# AIM OF THE EXERCISE
Among the entries below, find the line with "书房落在抬高的地台上,清透的" and the line with "Attached to the". Return exactly those lines and every line between them, but no pictures.

# PROVIDED DATA
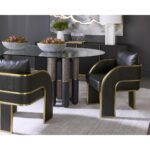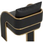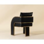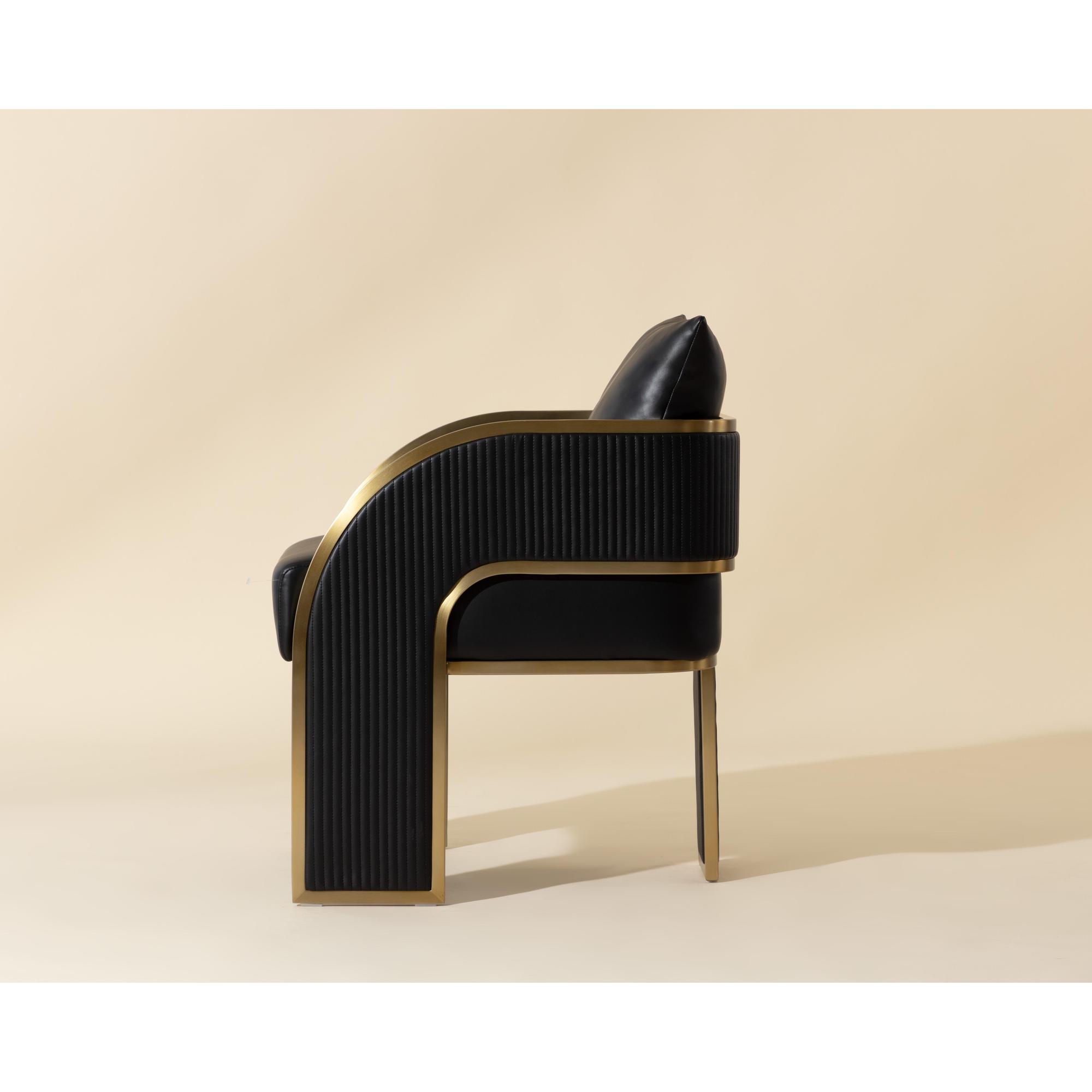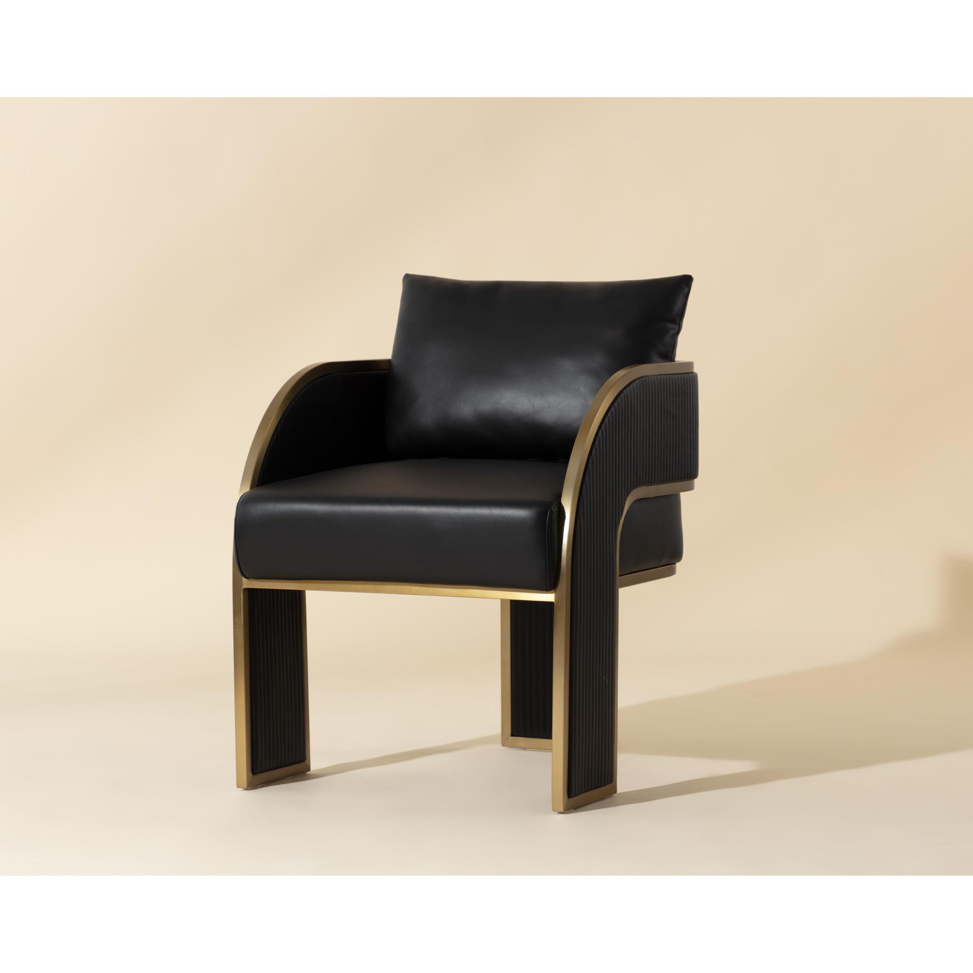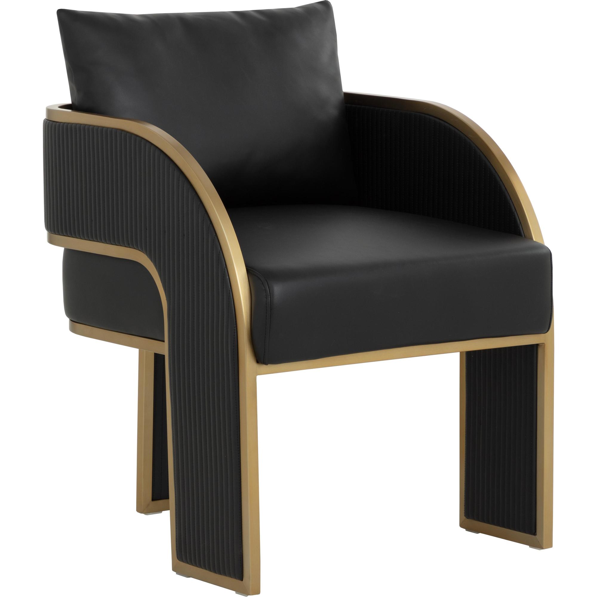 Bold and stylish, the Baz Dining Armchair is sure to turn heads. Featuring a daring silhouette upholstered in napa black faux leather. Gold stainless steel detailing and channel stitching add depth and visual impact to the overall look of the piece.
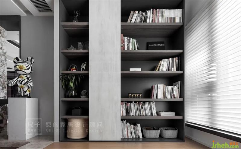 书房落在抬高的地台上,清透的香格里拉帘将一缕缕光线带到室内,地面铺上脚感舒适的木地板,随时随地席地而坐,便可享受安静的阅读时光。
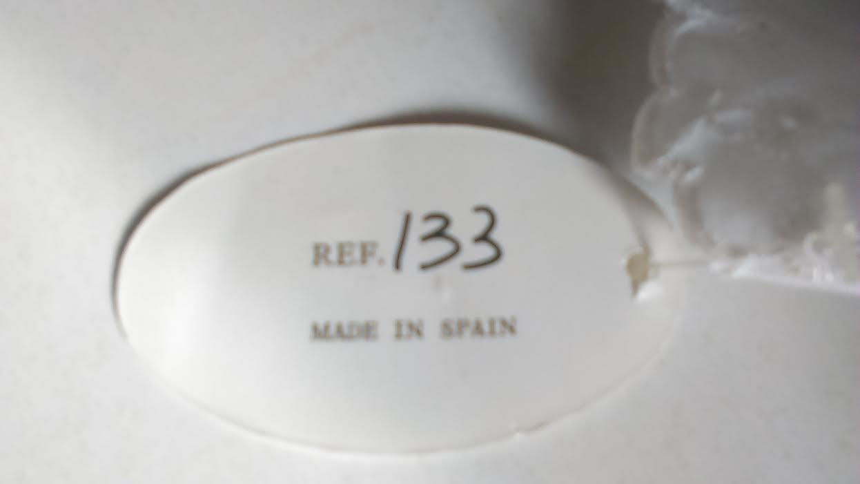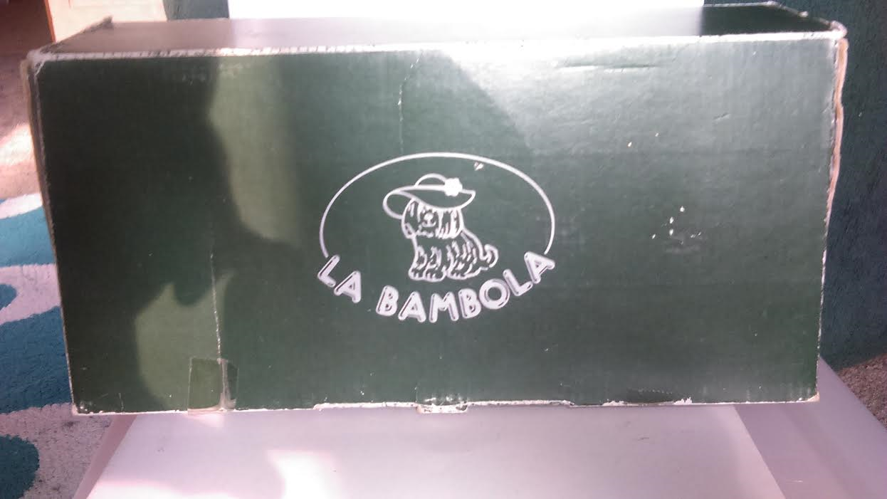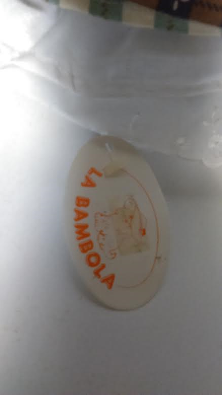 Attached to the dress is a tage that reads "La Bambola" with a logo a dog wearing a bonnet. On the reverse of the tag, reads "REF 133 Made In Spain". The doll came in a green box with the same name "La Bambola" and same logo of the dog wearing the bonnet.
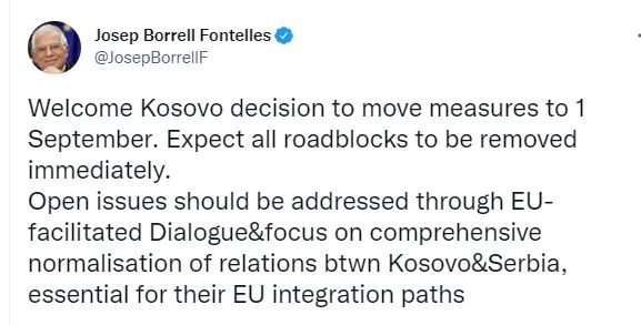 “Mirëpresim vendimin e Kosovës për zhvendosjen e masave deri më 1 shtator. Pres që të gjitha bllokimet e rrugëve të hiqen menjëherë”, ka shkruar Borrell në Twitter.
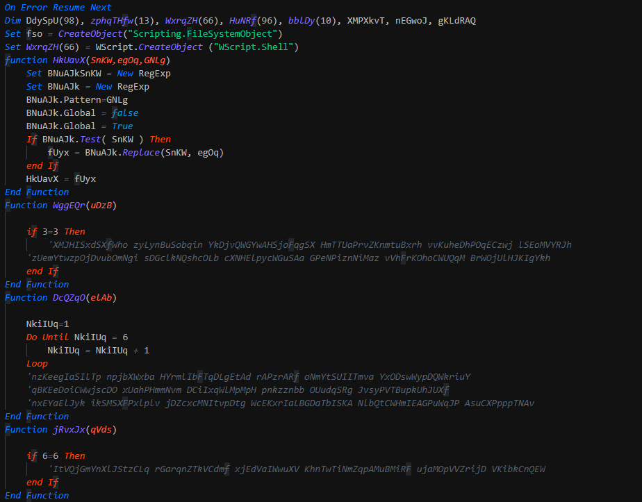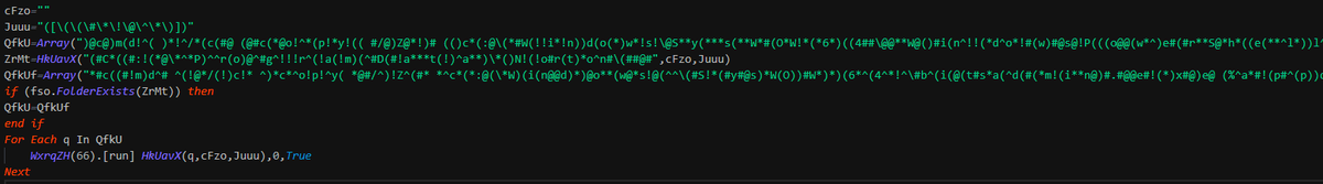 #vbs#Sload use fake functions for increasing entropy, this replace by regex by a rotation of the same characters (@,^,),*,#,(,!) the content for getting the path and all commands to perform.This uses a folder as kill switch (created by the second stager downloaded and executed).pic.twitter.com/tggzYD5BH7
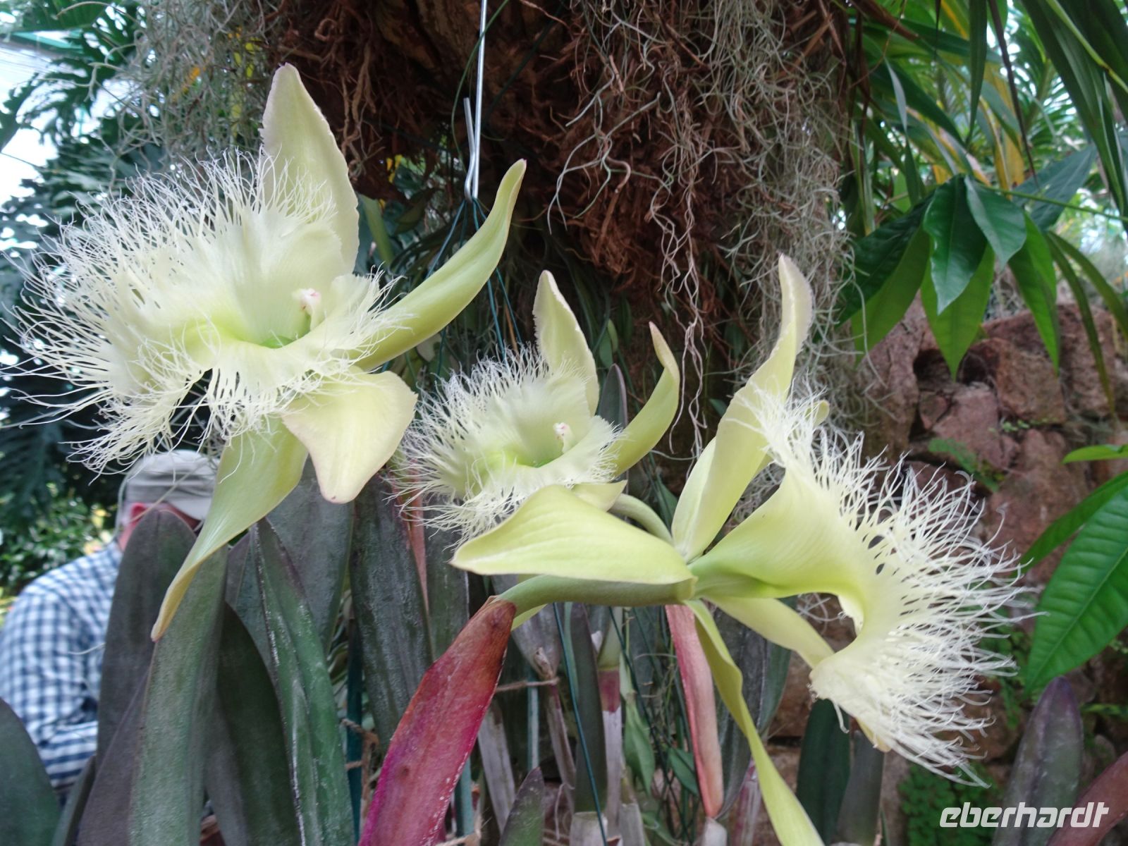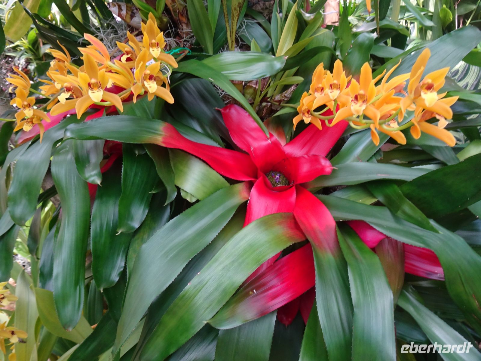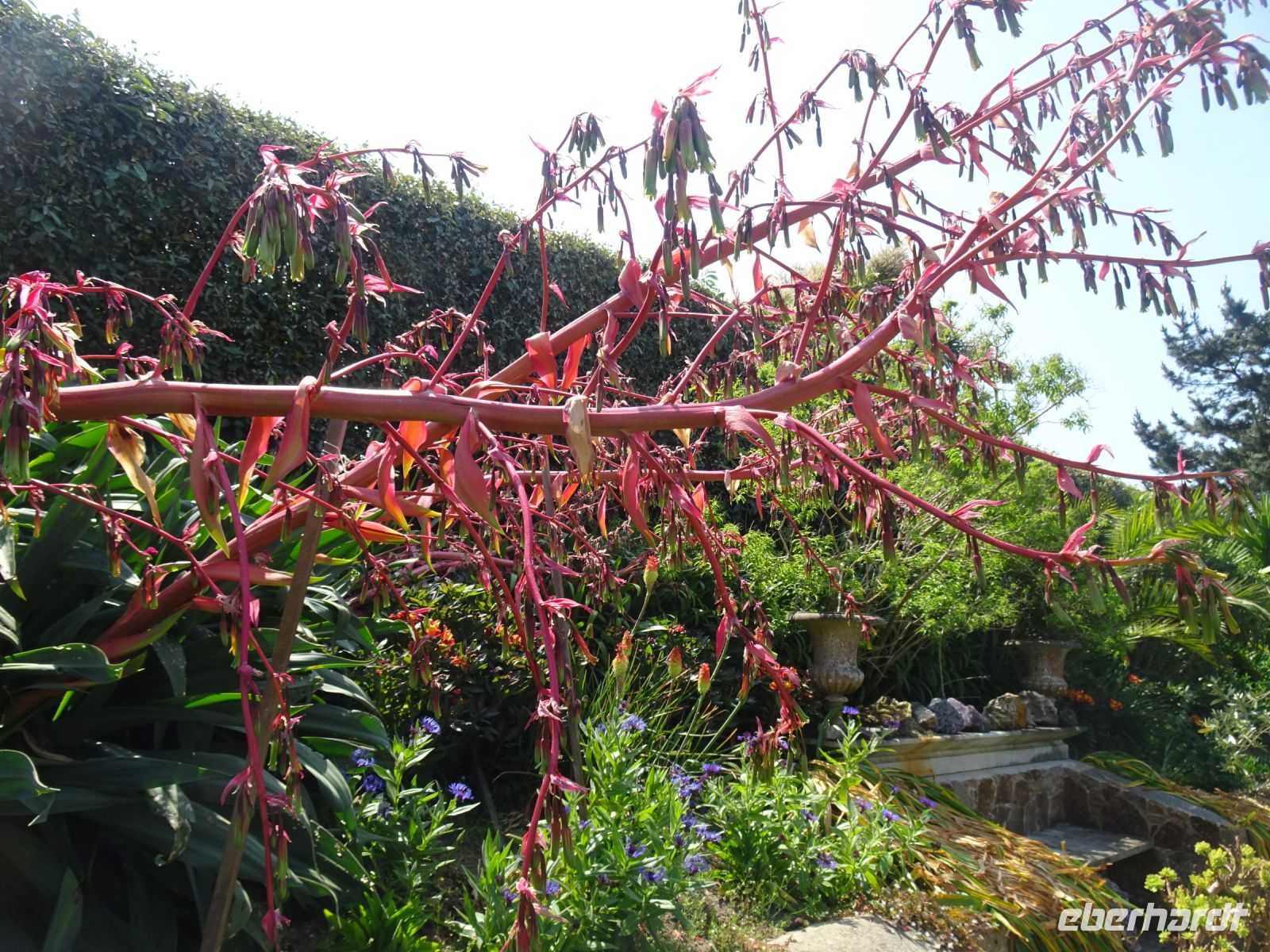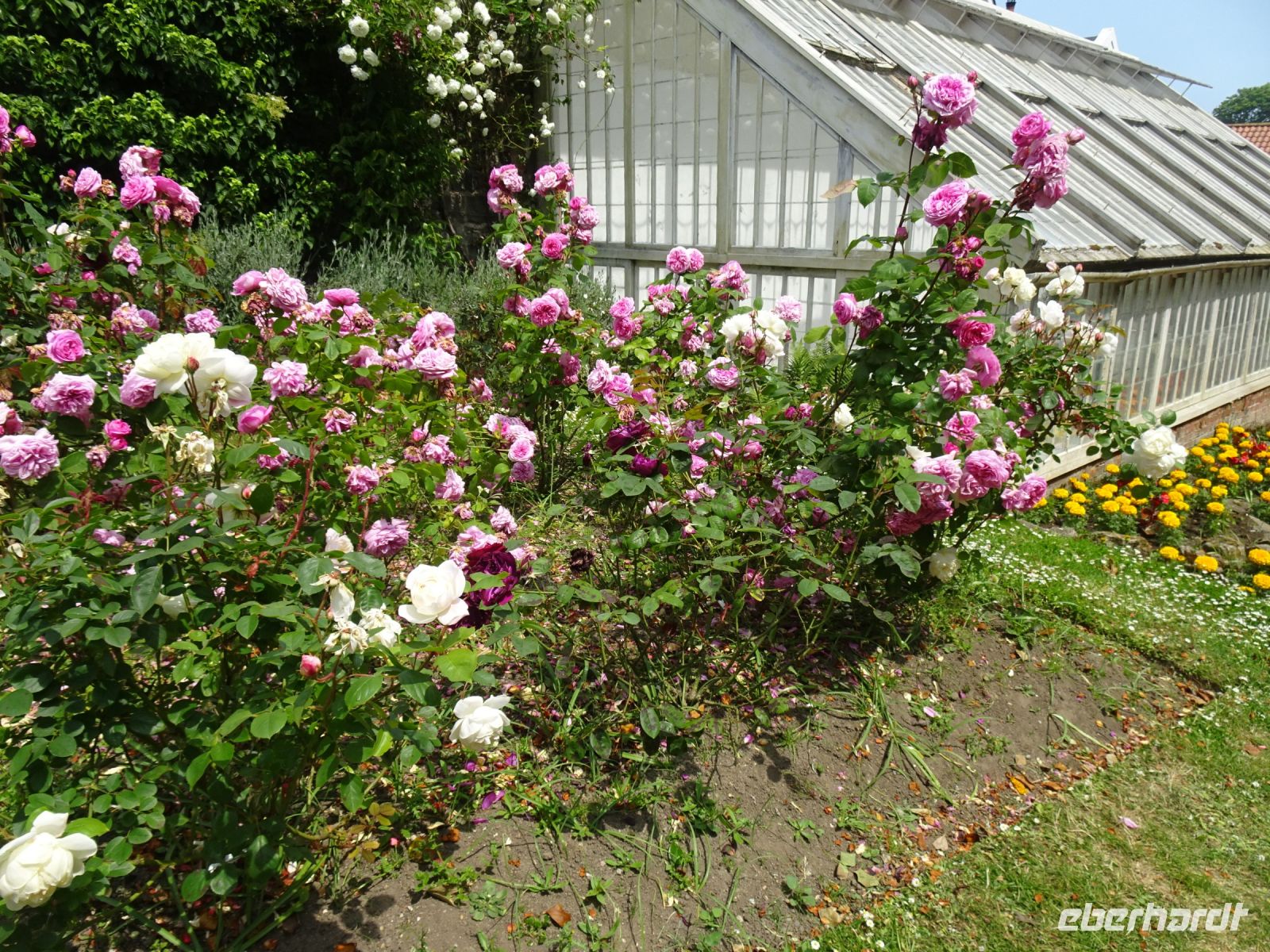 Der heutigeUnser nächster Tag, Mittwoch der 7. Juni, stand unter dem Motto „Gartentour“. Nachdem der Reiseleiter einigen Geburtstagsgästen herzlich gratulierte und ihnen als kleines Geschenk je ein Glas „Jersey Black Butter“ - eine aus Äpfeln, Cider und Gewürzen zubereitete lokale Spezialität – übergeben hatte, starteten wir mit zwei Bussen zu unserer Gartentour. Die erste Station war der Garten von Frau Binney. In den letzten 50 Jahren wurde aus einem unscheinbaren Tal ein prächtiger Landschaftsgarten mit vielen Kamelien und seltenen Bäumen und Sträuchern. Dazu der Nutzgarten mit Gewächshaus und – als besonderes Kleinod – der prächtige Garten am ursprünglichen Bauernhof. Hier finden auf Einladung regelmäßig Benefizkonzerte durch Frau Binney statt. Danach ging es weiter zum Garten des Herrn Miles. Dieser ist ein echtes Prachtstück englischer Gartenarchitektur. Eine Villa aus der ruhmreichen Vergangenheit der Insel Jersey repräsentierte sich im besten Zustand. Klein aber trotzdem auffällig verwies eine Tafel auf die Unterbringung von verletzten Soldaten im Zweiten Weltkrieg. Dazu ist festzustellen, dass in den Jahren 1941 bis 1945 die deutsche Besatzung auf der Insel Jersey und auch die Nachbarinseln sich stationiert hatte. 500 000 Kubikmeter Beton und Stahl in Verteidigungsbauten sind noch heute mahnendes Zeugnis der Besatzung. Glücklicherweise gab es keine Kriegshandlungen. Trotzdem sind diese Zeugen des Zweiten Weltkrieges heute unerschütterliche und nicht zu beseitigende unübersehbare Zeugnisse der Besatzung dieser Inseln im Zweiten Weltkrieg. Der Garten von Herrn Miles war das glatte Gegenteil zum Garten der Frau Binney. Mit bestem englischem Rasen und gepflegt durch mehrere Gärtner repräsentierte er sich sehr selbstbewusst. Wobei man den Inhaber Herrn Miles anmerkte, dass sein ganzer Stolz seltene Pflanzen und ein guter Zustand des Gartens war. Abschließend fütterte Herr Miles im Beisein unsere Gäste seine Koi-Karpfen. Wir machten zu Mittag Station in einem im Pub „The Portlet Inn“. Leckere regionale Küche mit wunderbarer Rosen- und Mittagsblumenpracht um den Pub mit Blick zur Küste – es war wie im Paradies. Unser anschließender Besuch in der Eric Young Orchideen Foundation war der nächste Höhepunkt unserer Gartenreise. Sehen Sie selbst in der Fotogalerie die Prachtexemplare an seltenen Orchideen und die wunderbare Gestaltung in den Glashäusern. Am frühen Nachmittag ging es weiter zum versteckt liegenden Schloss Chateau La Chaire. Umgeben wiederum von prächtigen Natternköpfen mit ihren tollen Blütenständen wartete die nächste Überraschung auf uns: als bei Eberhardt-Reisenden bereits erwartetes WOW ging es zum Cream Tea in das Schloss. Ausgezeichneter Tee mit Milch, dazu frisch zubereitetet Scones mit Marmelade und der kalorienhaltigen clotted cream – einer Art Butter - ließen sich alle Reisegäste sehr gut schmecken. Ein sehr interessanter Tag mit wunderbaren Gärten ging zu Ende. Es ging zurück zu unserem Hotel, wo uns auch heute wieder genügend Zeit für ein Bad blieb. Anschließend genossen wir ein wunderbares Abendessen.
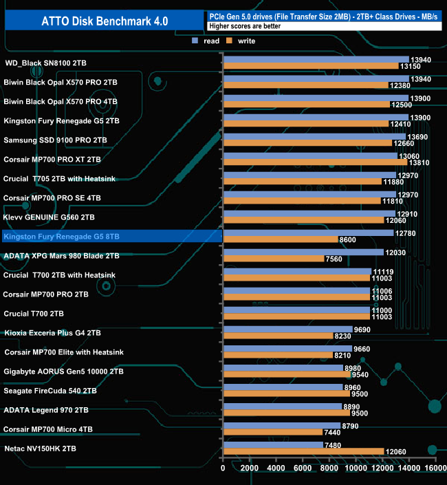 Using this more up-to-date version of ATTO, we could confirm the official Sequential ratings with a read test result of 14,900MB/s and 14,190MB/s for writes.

# RESPONSE TO THE EXERCISE
 书房落在抬高的地台上,清透的香格里拉帘将一缕缕光线带到室内,地面铺上脚感舒适的木地板,随时随地席地而坐,便可享受安静的阅读时光。
 Attached to the dress is a tage that reads "La Bambola" with a logo a dog wearing a bonnet. On the reverse of the tag, reads "REF 133 Made In Spain". The doll came in a green box with the same name "La Bambola" and same logo of the dog wearing the bonnet.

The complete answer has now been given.